Although the plant was designed almost 40 years ago, it did withstand the tremors of the strong earthquake, which is one of the strongest measured in the last century, he added.

Up to now, plant workers have had access to the reactors and have been able to implement cooling procedures, he said. They have allowed intermittent pressure release of the steam build-up to reduce the risk of a catastrophic failure.

Nuclear plants are designed with very conservative safeguard measures especially in earthquake-prone regions, with a failure probability of 1 in 100,000 years for the nuclear material related components. Core safety is therefore taken very seriously since the worst possible earthquakes are taken into consideration in seismic regions, Nikbin said.

As a matter of standard safety, a 20-kilometre zone around Fukushima Daiichi has been evacuated, according to the International Atomic Energy Agency, citing Japanese authorities. The IAEA publishes updates on the situation on this website.


The maximum radiation recorded at the plant was 400 millisieverts (mSv) per hour. Those Chernobyl workers who died within a month of the disaster in the Ukrainian nuclear plant were recorded to have dosages of about 6,000 mSv, according to the Guardian.
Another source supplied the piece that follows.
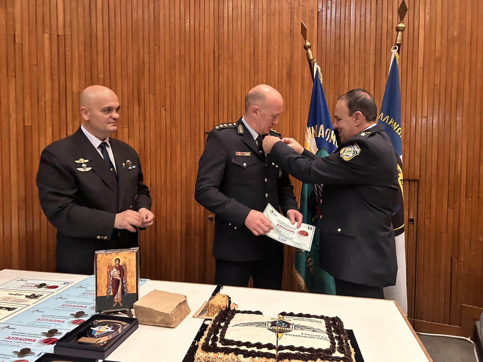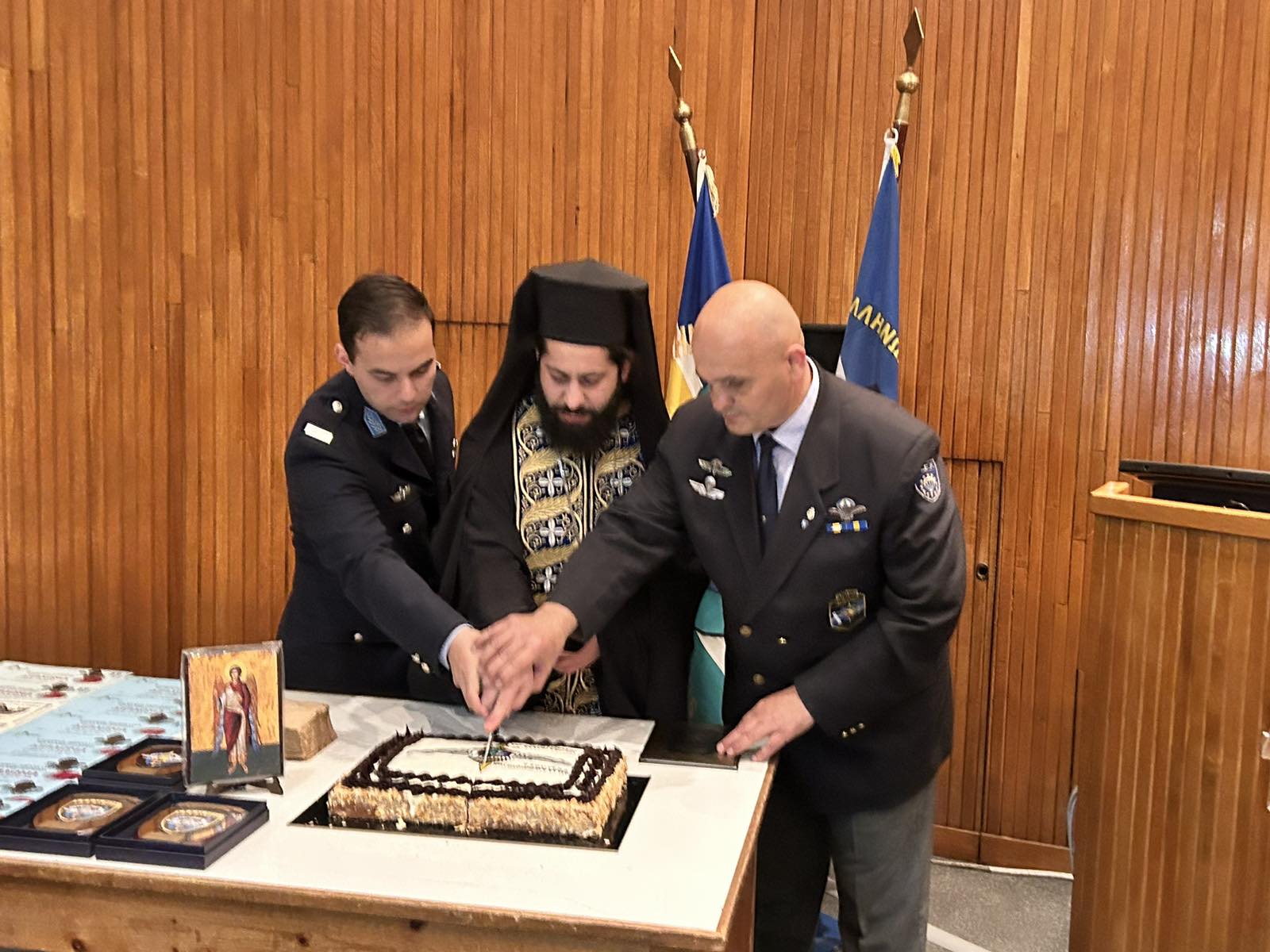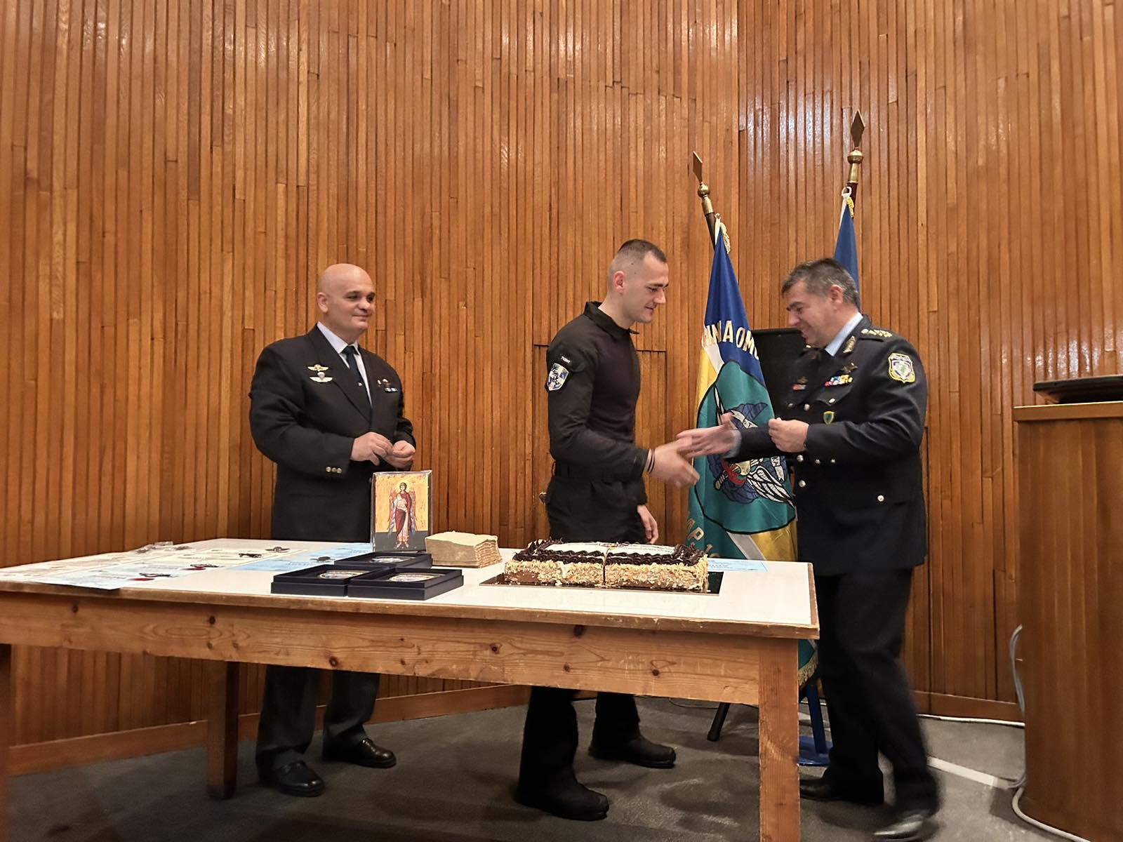 Για τρίτη χρονιά η Ομάδα Αλεξιπτωτιστών-Αστυνομικών της Λέσχης Ελλήνων Καταδρομέων Αλεξιπτωτιστών Πιερίας (Λ.Ε.Κ.ΑΛ.), έκοψε την πρωτοχρονιάτικη βασιλόπιτα χθες (27/2), στο Αμφιθέατρο της Γενικής Αστυνομικής Διεύθυνσης Αττικής.

For a single dose to be fatal in weeks, radiation levels need to be as high as 10,000 mSv, it said. A dental x-ray exposes us to a radiation of 0.01 mSv, while a heart CT scan contains 16 mSv, the newspaper reported.


Reactors are surrounded by four to eight inches of steel, called the primary containment vessel, according to this Reuters analysis. If that first line of defence is breached, a containment building made of steel and concrete is the final defence against radiation leak into the atmosphere.